Submitted to: American Journal of Physiology - Endocrinology and Metabolism
Publication Type: Peer reviewed journal
Publication Acceptance Date: 1/21/2006
Publication Date: 1/24/2006
Citation: Reid, M., Badaloo, A., Forrester, T., Jahoor, F. 2006. In vivo rates of erythrocyte glutathione synthesis in adults with sickle cell disease. American Journal of Physiology Endocrinology and Metabolism. 291:E73-E79. Interpretive Summary: Glutathione (GSH) is a compound present in large quantities in red blood cells, which it protects against the damaging effects of compounds called oxidants. Patients with an inherited blood disorder called sickle cell disease have lower concentrations of glutathione in their red blood cells. The reason for this GSH deficiency is unknown. To determine whether inability to make GSH was responsible for the lower concentration in blood cells, we measured its synthesis in 23 individuals with sickle cell disease and 8 healthy persons. Compared to the values of the healthy persons, the patients had lower GSH in their blood cells, although they were making it approximately 57% faster. The findings of this study suggest that the lower GSH in these patients' blood cells is not due to slower synthesis but rather to the fact that they were using GSH at a faster rate to counteract the ill effects of harmful oxidants.

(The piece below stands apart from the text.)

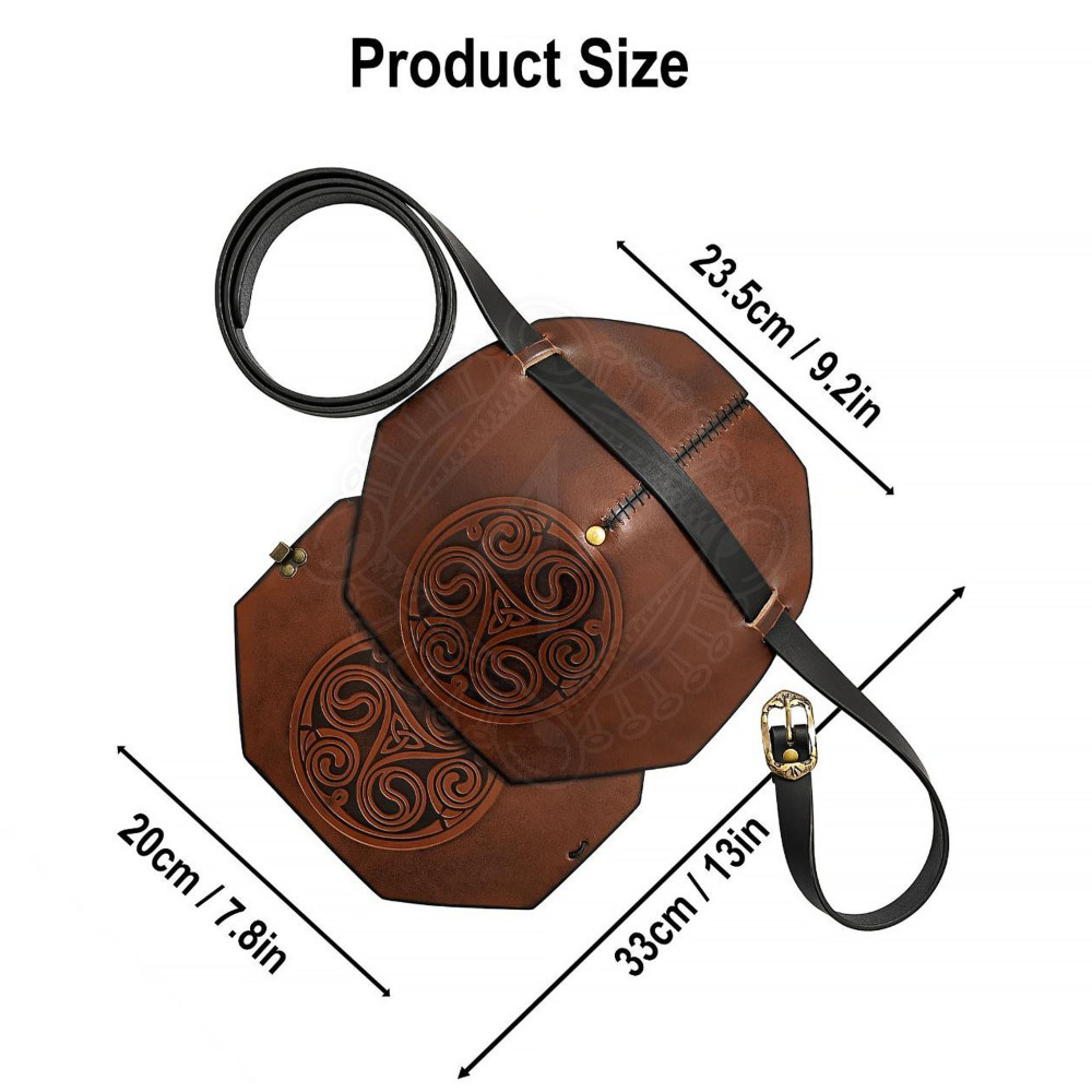 The Leather Pauldron is crafted from high-quality leather and adorned with detailed embossed Celtic motifs, specifically intertwined spirals reminiscent of a triskelion. This design not only looks superb but also references the rich history and mythology of Norse and Celtic warriors. The pauldron (shoulder guard) consists of two articulated leather plates, ensuring both flexibility and adequate protection for one shoulder. The upper, smaller plate partially overlaps the lower, larger plate. The edges of the pauldron are smoothly finished. A long leather strap is used for fastening to the body, allowing adjustment for various body types. The pauldron measures 33.5cm (approx. 13.2 inches) in length and 25.5cm (approx. 10 inches) in width, with the fastening strap reaching a length of 88cm (approx. 34.6 inches). The product is available in brown, green, and (wine) red. The accompanying photograph may show a pair for illustrative purposes, but this product is a single pauldron. The green version, for example, features a darker shade of green with the embossing in a lighter tone, creating an attractive contrast.

Technical Abstract: Despite reports of lower GSH concentration in sickle cell disease (SCD), the in vivo kinetic mechanism(s) responsible for GSH deficiency is unknown. To determine whether suppressed synthesis was responsible for the lower erythrocyte GSH concentration, we used a primed intermittent infusion of [(2)H(2)]glycine to measure erythrocyte GSH synthesis in vivo in 23 individuals with homozygous beta(s) SCD and 8 healthy controls. Erythrocyte cysteine concentration, the rate-limiting precursor for GSH synthesis, plasma markers of oxidant damage, and dietary intakes of energy and protein were also measured. Compared with values of controls, SCD subjects had significantly lower erythrocyte GSH (P < 0.04) and cysteine concentrations (P < 0.004) but significantly faster fractional rates of GSH synthesis (P < 0.02). The absolute rates of GSH synthesis in SCD subjects compared with control subjects was greater by approximately 57% (P = 0.062). However, the concentrations of markers of oxidative damage, plasma derivatives of reactive oxygen metabolites, plasma nitrotyrosine, urinary isoprostane-to-creatinine ratio, and GSH-to-GSSG ratio, as well as dietary intakes of energy, protein, and GSH precursor amino acids, were not different between SCD subjects and controls. The findings of this study suggest that the lower erythrocyte GSH of SCD patients is not due to suppressed synthesis or impaired regeneration but rather to increased consumption. In addition, the lower erythrocyte cysteine concentration plus the faster rate of GSH synthesis strongly suggest that the endogenous cysteine supply is not sufficient to meet all anabolic demands; hence, cysteine may be a conditionally essential amino acid in individuals with SCD.